[Information provided Boundary: Start]

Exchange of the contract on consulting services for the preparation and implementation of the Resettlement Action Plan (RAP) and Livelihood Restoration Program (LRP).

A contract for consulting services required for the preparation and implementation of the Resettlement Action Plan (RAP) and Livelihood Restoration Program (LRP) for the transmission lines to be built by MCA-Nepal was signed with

[Information provided Boundary: End]
[Information provided Boundary: Start]

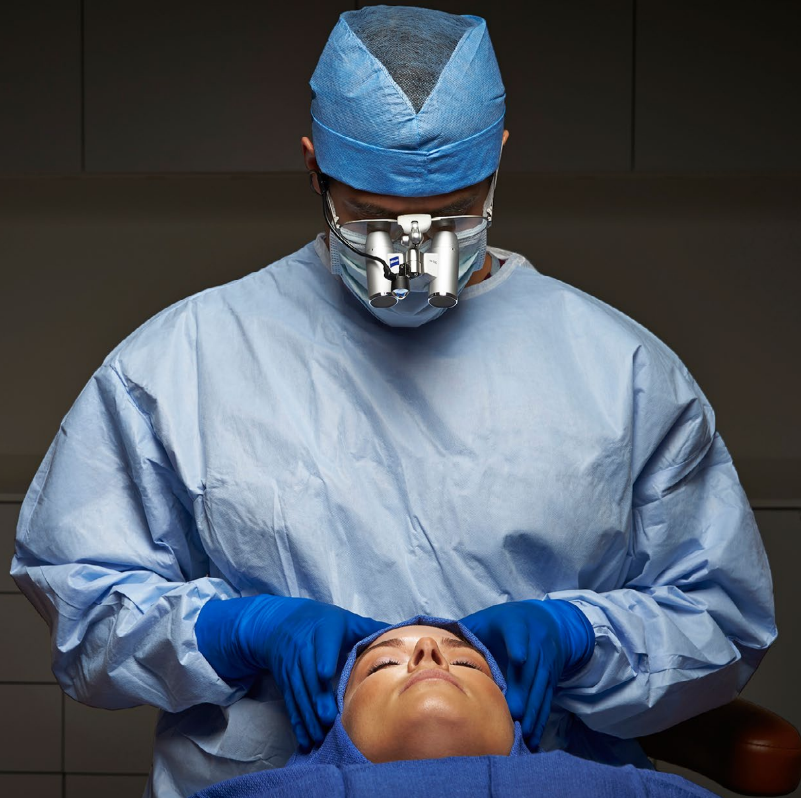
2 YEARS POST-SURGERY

[Information provided Boundary: End]

Copy, exactly and only, the lines above that begin with the one containing "Exchange of the" and finish with the one containing "A contract for".

Exchange of the contract on consulting services for the preparation and implementation of the Resettlement Action Plan (RAP) and Livelihood Restoration Program (LRP).

A contract for consulting services required for the preparation and implementation of the Resettlement Action Plan (RAP) and Livelihood Restoration Program (LRP) for the transmission lines to be built by MCA-Nepal was signed with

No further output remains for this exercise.